→ **Material for the task**

┄┄┄┄┄┄┄┄┄┄

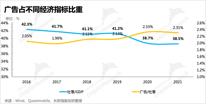 不过由于打广告一般是To C消费类企业较多,因此可以将上述的营销占比进一步拆解为“广告占社零的比重”以及“社零占GDP的比重”。
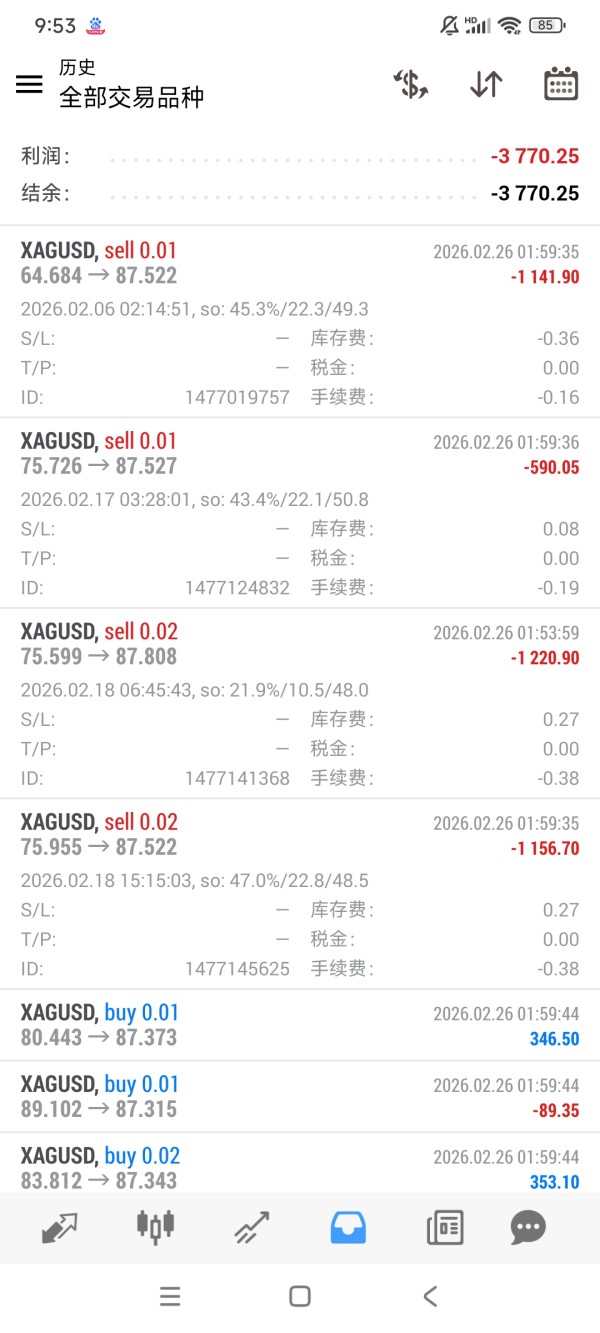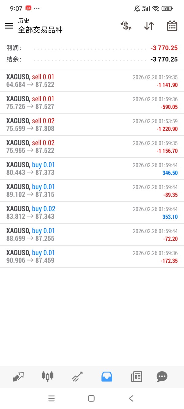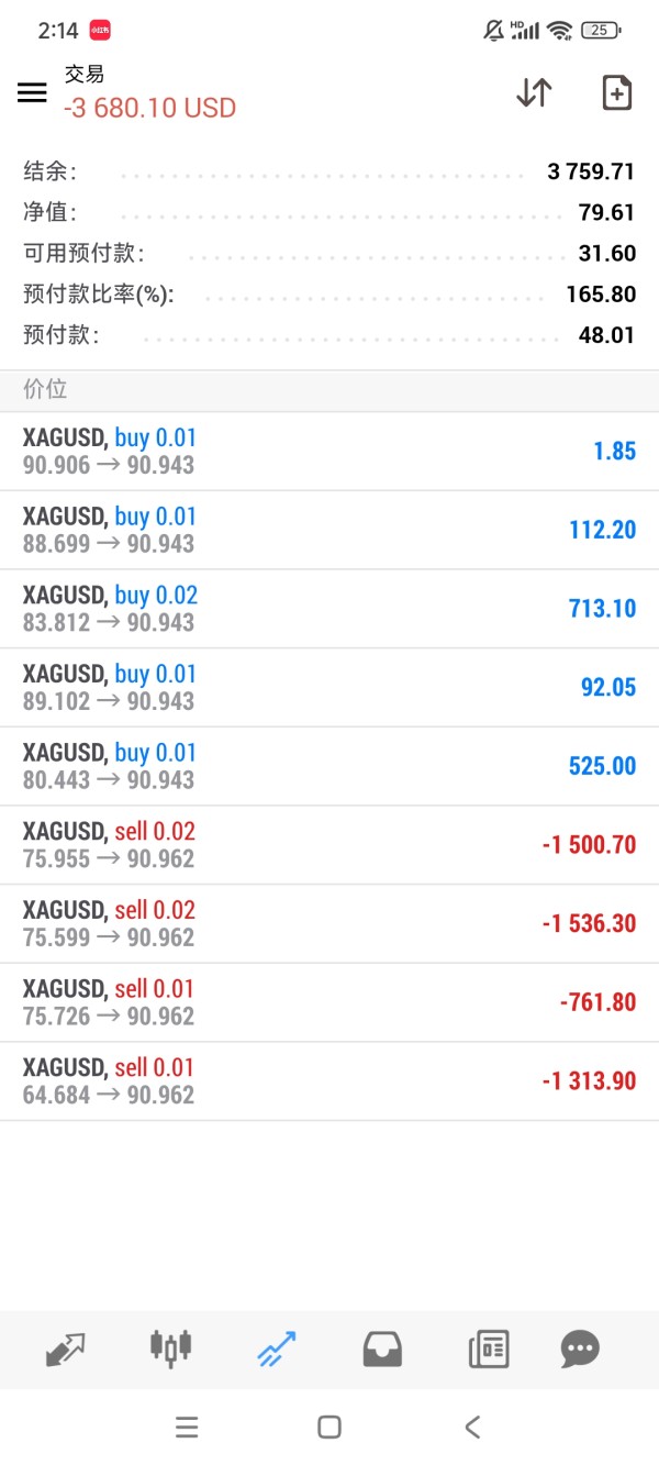 2月25号周三,账户内是0.06手白银多单,0.06手白银空单。锁仓了,当时周三净值是79.61,可用预付款是31.6美元,爆仓比例是50%,也就是还有54美元可操作。2月26号周四7;15分,账户未进行操作。净值是60美元,可用预付款是12.3美元,已经扣除了三倍隔夜费。按照爆仓50%比例,我还有36美元可操作。期间我没有任何操作,等到9点我想要接着入金,发现账户被强平了,直接爆仓。 也就是富拓平台,在我账户还有 36美元可操作资金的情况下,强行给我爆仓了,之前也遇到过几次这种情况,这次忍无可忍。
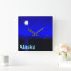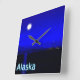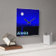 Moonrise na passagem de Dentro do casaco do Alasca. Montanhas à distância e um barco de pesca dirige-se para norte. A leitura de texto "Alaska" aparece em azul e branco brilhantes.
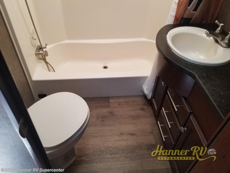 Just inside the main entry door you can step up to a side aisle bath and front bedroom. The bath features a toilet, sink and sunken tub/shower. The private bedroom in front feature a slide out bed, a front wardrobe with sliding doors, and a dresser for even more storage. There is also a closet with washer dryer prep, plus so much more.
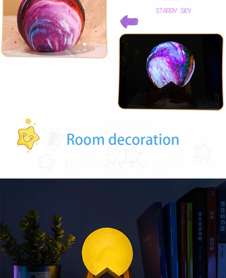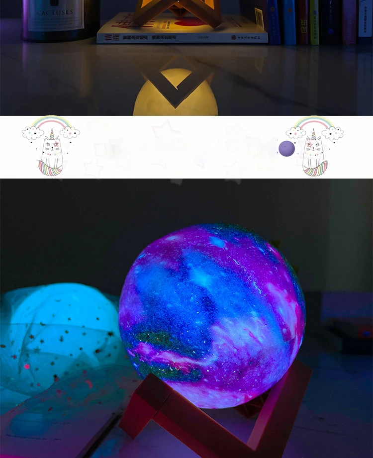 3D Лунная лампа, ночник, светильник, украшение для дома с подставкой, звезда, галактика, 3D лунный ночник, Детский Рождественский подарок на день рождения
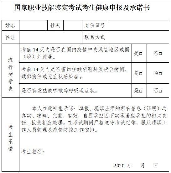 5、打印《疫情防控承诺书》并签字,承诺书在考试当天交给考务人员。
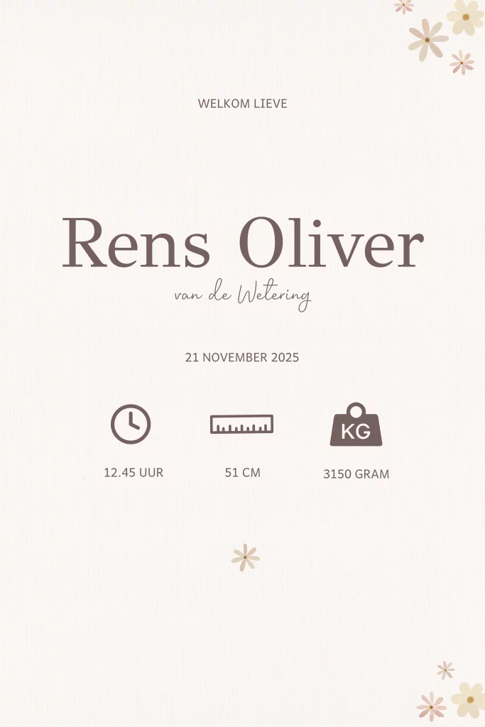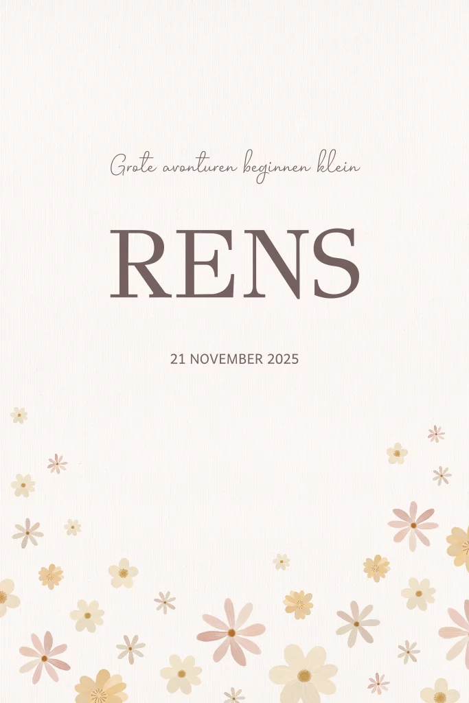 Geboortekaartje met zandkleur en getekende bloemetjes
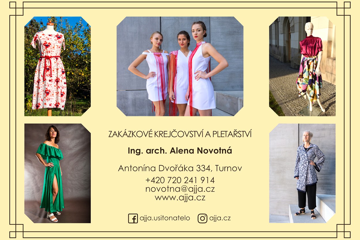 * DEN OTEVŘENÝCH DVEŘÍ zakázkového krejčovství a pletařství pod značkou AjjA. V sobotu 1. července oslaví Ing. arch. Alena Novotná dva roky od otevření provozovny. Den otevřených dveří se koná v novém salonu v Uličce řemesel pod turnovskou radnicí od 10.00 do 16.00 hodin. Budete si moci vyzkoušet sublimační tisk a vytvořit si originální potisk trička. Můžete si přinést i vlastní digitální předlohu.
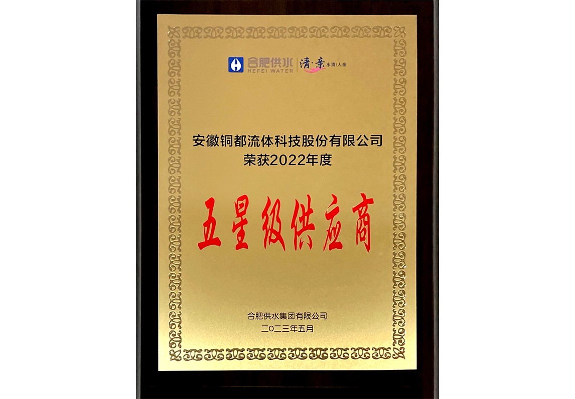 銅都流體2022年度合肥供水五星級(jí)供應(yīng)商
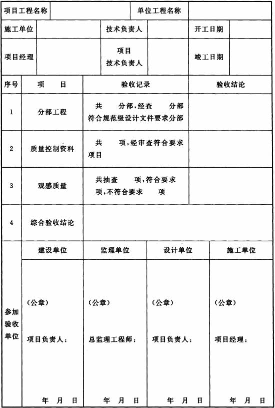 3 單位工程質(zhì)量驗收記錄應(yīng)按本規(guī)范附錄表B-3進(jìn)行;
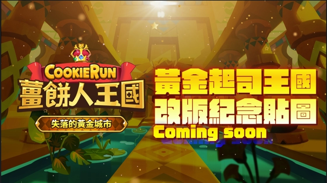 《薑餅人王國》迎來全新更新,在「失落的黃金城市」章節裡,勇敢餅乾一行人即將遭遇一場會造成巨大毀滅的戰爭,為了求援而踏上了尋找第四位上古餅乾「黃金起司餅乾」的旅程。而等待著他們的黃金起司王國是個位於沙漠上方、充滿金黃起司流淌而下、有著雄偉神殿並享受著太平盛世的富有王國。
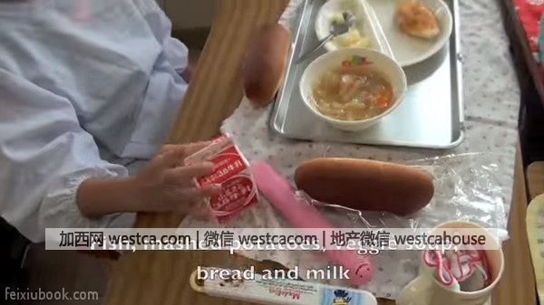 比如,今天的午餐就是炸鱼、马铃薯泥、蔬菜汤、面包跟牛奶。
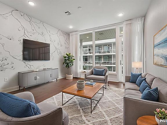Luxury waterfront living at The Glass House in Edgewater. This 1BR + Den, 1BA condo offers 998 sf of open-concept living plus a 225 sf private balcony with Hudson River and Manhattan skyline views. Floor-to-ceiling windows and 10-ft ceilings fill the home with natural light. Features include custom closets, designer Phillip Jeffries wallpaper, a chef's kitchen with Caesarstone countertops, Sub-Zero & Wolf appliances, and a sleek backsplash. Spa-like bath with oversized vanity, modern fixtures, and soaking tub. Versatile den works as office, guest space, or nursery. Smart home features include Nest thermostat and keyless entry. Amenities: rooftop terrace with panoramic NYC views, entertainment lounge, resort-style pool, fitness center, playroom, concierge, package receiving, and on-site management. Includes private parking and storage unit. Pet-friendly with nearby green space and waterfront paths. Easy commute via express bus or ferry with shuttle service. HOA covers water, sewer, trash, and all amenities.
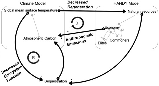 Contemporary society faces even greater challenges from environmental change than past collapsed societies [11]. Anthropogenic climate change can induce a reinforcing feedback that alters the potential for ecological systems to sequester carbon. These feedbacks can reinforce climate change through altered disturbance regimes, decreased ecosystem function, and decreases in carbon sequestration capacity [12,13,14,15]. Changing temperature associated with climate change has already led to phenological mismatches, range shifts, biodiversity loss, extinctions, and loss of crop photosynthetic capacity [13,16], all of which reduce carbon sequestration and access to ecosystem services. Declines in ecosystem services could drive societal derailment, i.e., disruption of social and economic systems and declines in human population, leading to reductions in anthropogenic GHG emissions through reductions in economic activity, in a balancing feedback that could reduce the rate of climate change [17].
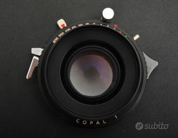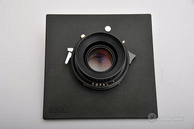Obiettivo per banco ottico per sinar 4x5 180 mm f= 5,6 lenti pulite otturatore preciso da 1 sc.a 400 .Porta una piastra per Sinar .
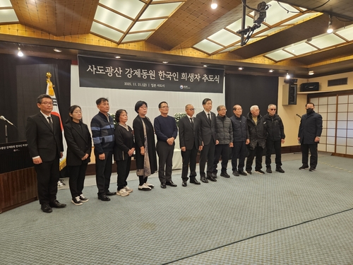 유족 대표로 추도사를 맡은 이칠규(65)씨는 모친과 큰누이에게서 아버지가 이야기한 사도광산의 생활을 전해 들었다면서 "결혼하고 얼마 뒤 강제로 끌려간 아버지는 돌아오기는 했지만 폐가 안 좋아 힘들어하셨고 항상 약을 달고 사셨다"고 전했다.
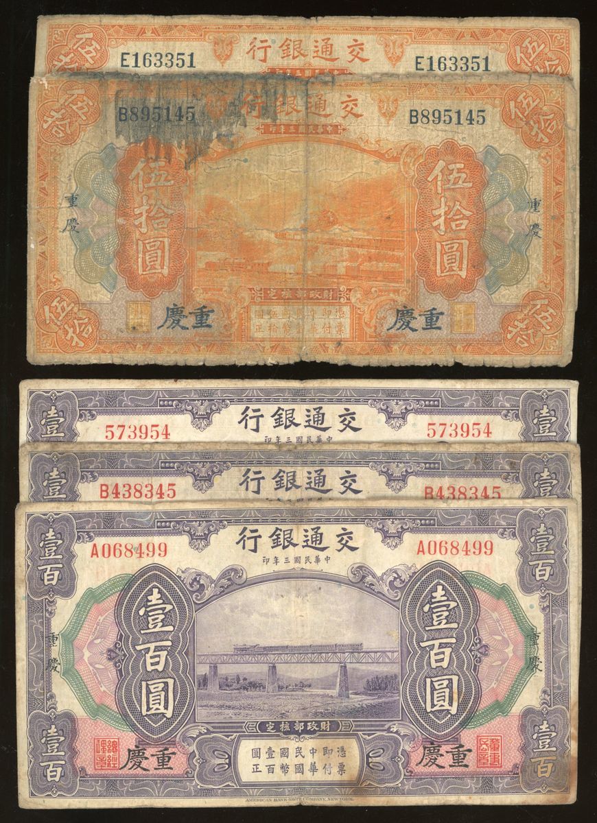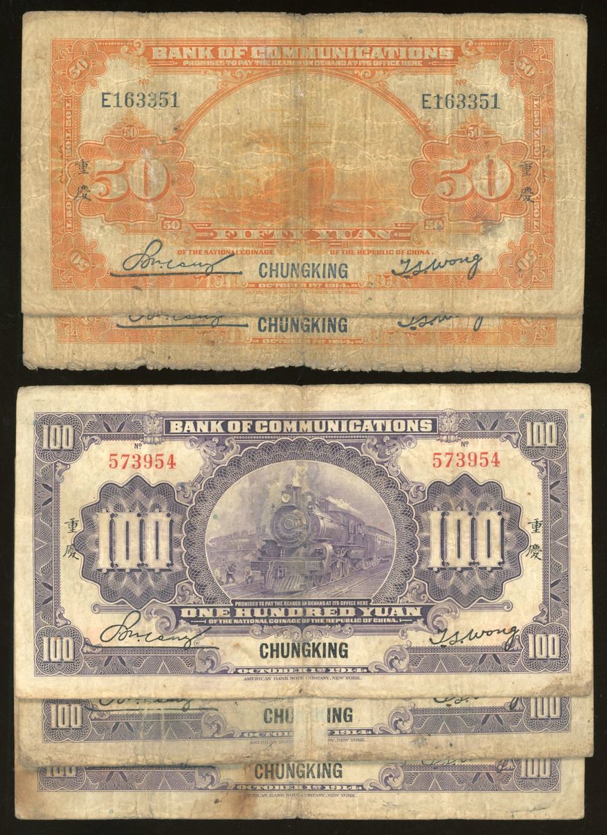 Bank of Communications, China, a group of 5x, including 50 and 100 yuan, Chungking, (Pick 119, 120), very good to very fine (5) From the descendant of an Overseas Chinese merchant Family.
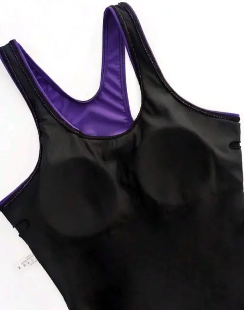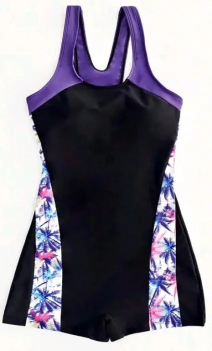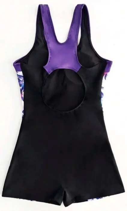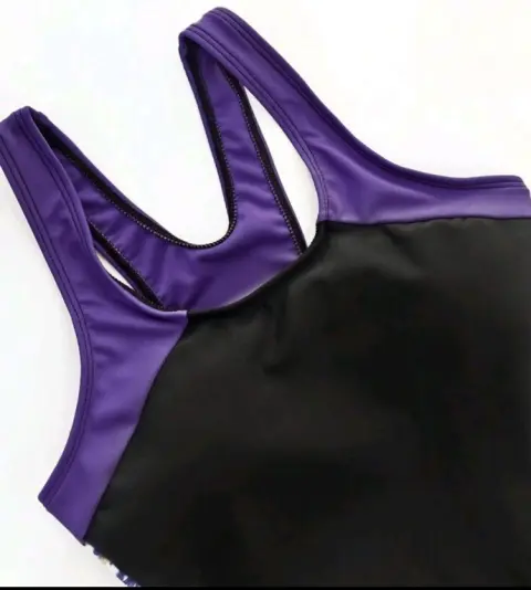 TRAJE DE BAÑO NUEVO TALLA CHICA CON LYCRATIPO SHORTCOLOR MORADO CON NRGRO

┄┄┄┄┄┄┄┄┄┄

→ **Task prompt**
The copy should hold exactly the lines from the one containing "유족 대표로 추도사를" through the final line of the records above, both ends included, and no picture.

→ **Task solution**
 유족 대표로 추도사를 맡은 이칠규(65)씨는 모친과 큰누이에게서 아버지가 이야기한 사도광산의 생활을 전해 들었다면서 "결혼하고 얼마 뒤 강제로 끌려간 아버지는 돌아오기는 했지만 폐가 안 좋아 힘들어하셨고 항상 약을 달고 사셨다"고 전했다.
 Bank of Communications, China, a group of 5x, including 50 and 100 yuan, Chungking, (Pick 119, 120), very good to very fine (5) From the descendant of an Overseas Chinese merchant Family.
 TRAJE DE BAÑO NUEVO TALLA CHICA CON LYCRATIPO SHORTCOLOR MORADO CON NRGRO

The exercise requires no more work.